The law also forbids coaches from tagging, liking or reposting social media posts from their players, a stipulation that could hurt their college recruiting prospects, coaches say.
“I think it hurts our ability to help the kids in recruiting,” Henry Clay football coach Phillip Hawkins said. “Because we do have access to so many college coaches that follow me on social media. (Social media) allowed us to celebrate the kids getting a college offer and it also broadcast that offer out to all these other colleges. And they look. … It’s chopped a massive amount of exposure immediately away from every one of our kids. And that’s a hangup for me.”
Potential conflicts for school employees abound
The law does not apply to public school employees and volunteers who are immediate family members or legal guardians of public school children, but it prohibits texting their children’s friends or a baby sitter who might be a public school student in their district.
It can also forbid contact between a select team coach to a player in their district. While the Kentucky Department of Education’s (KDE) recent guidance indicates teachers and coaches could communicate with students outside of their districts, that circumstance isn’t clearly defined by the law.
An example of the pitfalls of that exclusion occurred July 13 when there were unconfirmed reports of an “active aggressor” at the Kentucky Expo Center, the site of the Run 4 Roses Championship AAU basketball tournament in Louisville.

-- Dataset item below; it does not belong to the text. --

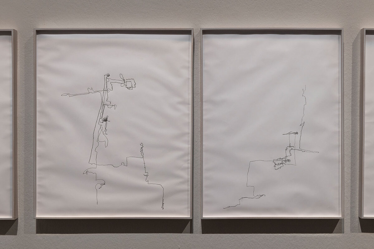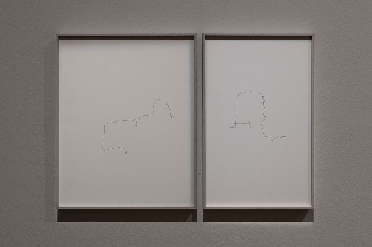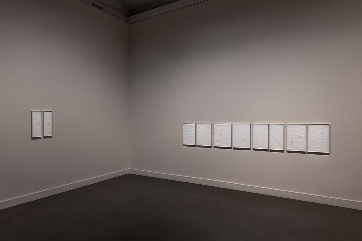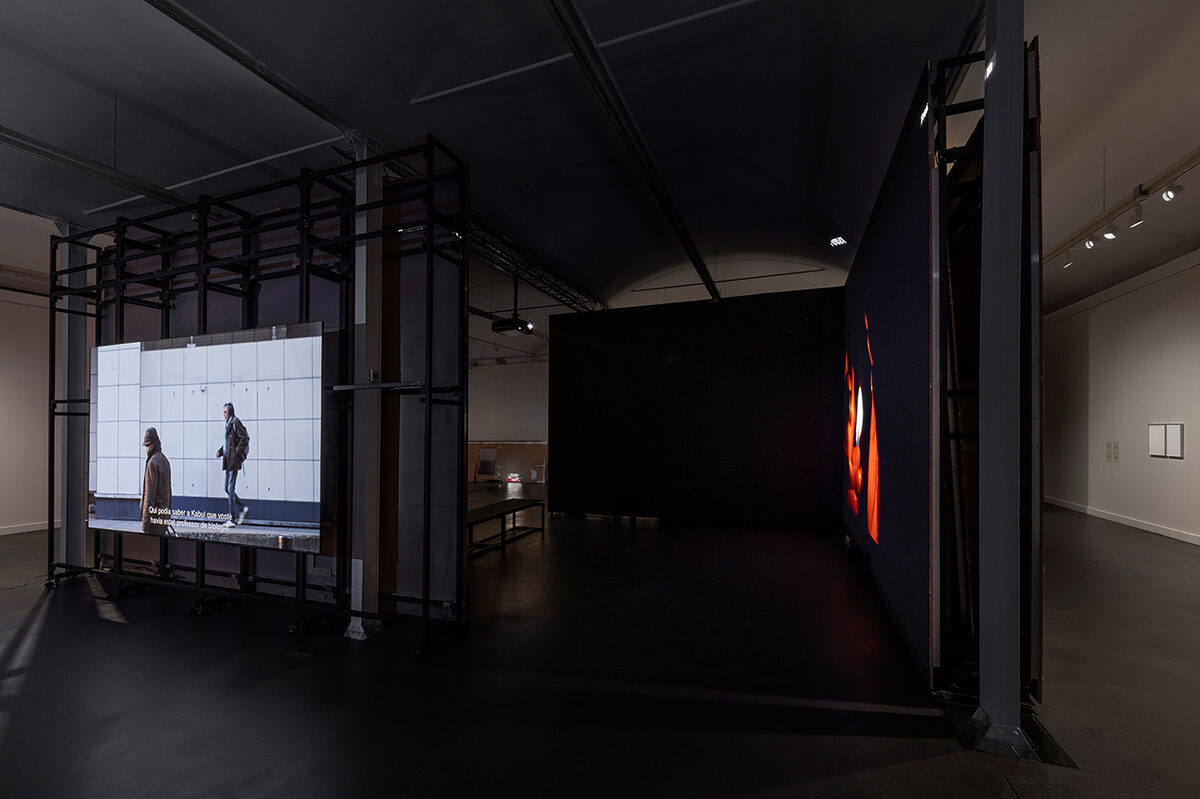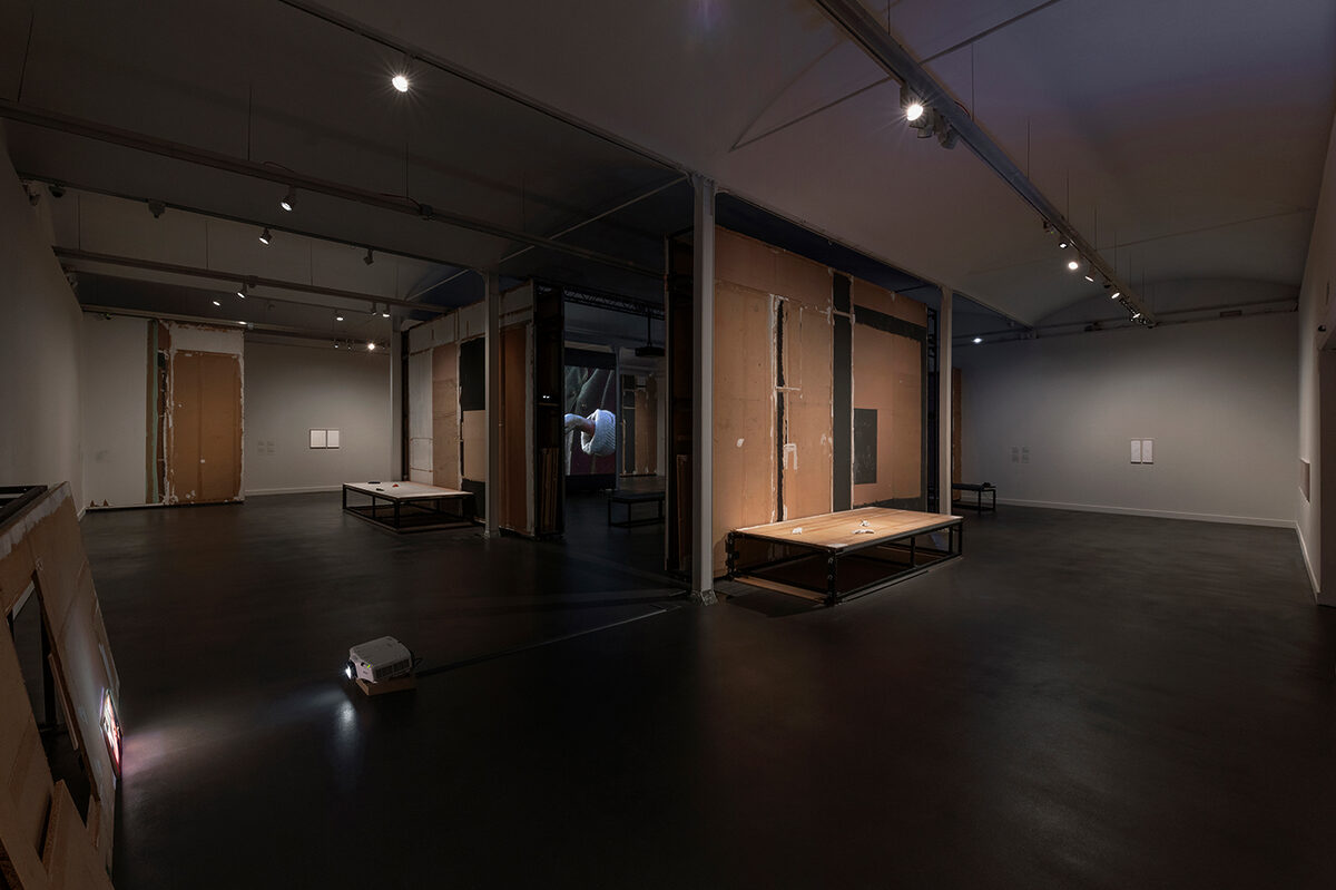 Radiating from the centre of the exhibition, The Hand that Sings (2021) weaves a complex ecology of gestures, sounds and images in which the movements of Swedish choreographer Alma Söderberg and of the actual camera – acting also as performer – resonate with the fluttering wings of a bird or the echoes of an axe on the bark of a cork oak. Multiple viewpoints and sensorial levels overlap in this hallucinatory footage to suggest a complete reorganisation of the senses.

Because private club coaches are often also school employees, any coach who might try to immediately check on a player’s safety via text would have been in violation of S.B. 181 if consent for such communication wasn’t on file with that player’s school.
“They had to pause and think about, ‘Is this OK for me to do?’ ‘Is this OK for me to send out a text or a whatever way I could possibly get in contact with those students to make sure they were safe?’” Slone told WKYT in the wake of that scare.
Consent forms offer a way around the law, but present difficulties
While the law explicitly offers a way for parents to provide consent for coaches and teachers to use personal electronic communication formats and social media to contact students, there is no standard form from the state parents can sign.
That leaves parents and coaches at the mercy of consent forms crafted by schools and school districts. A sampling of consent forms online shows they often include stipulations or qualifications that aren’t part of the law.
Many suggest the consent form must be approved by the district. The law states districts cannot reject a properly worded consent form.
A Fayette County consent form circulated among many but not all high schools this month includes an expiration date of Aug. 12, 2025, making it only a stop-gap measure until the district’s approved app is ready.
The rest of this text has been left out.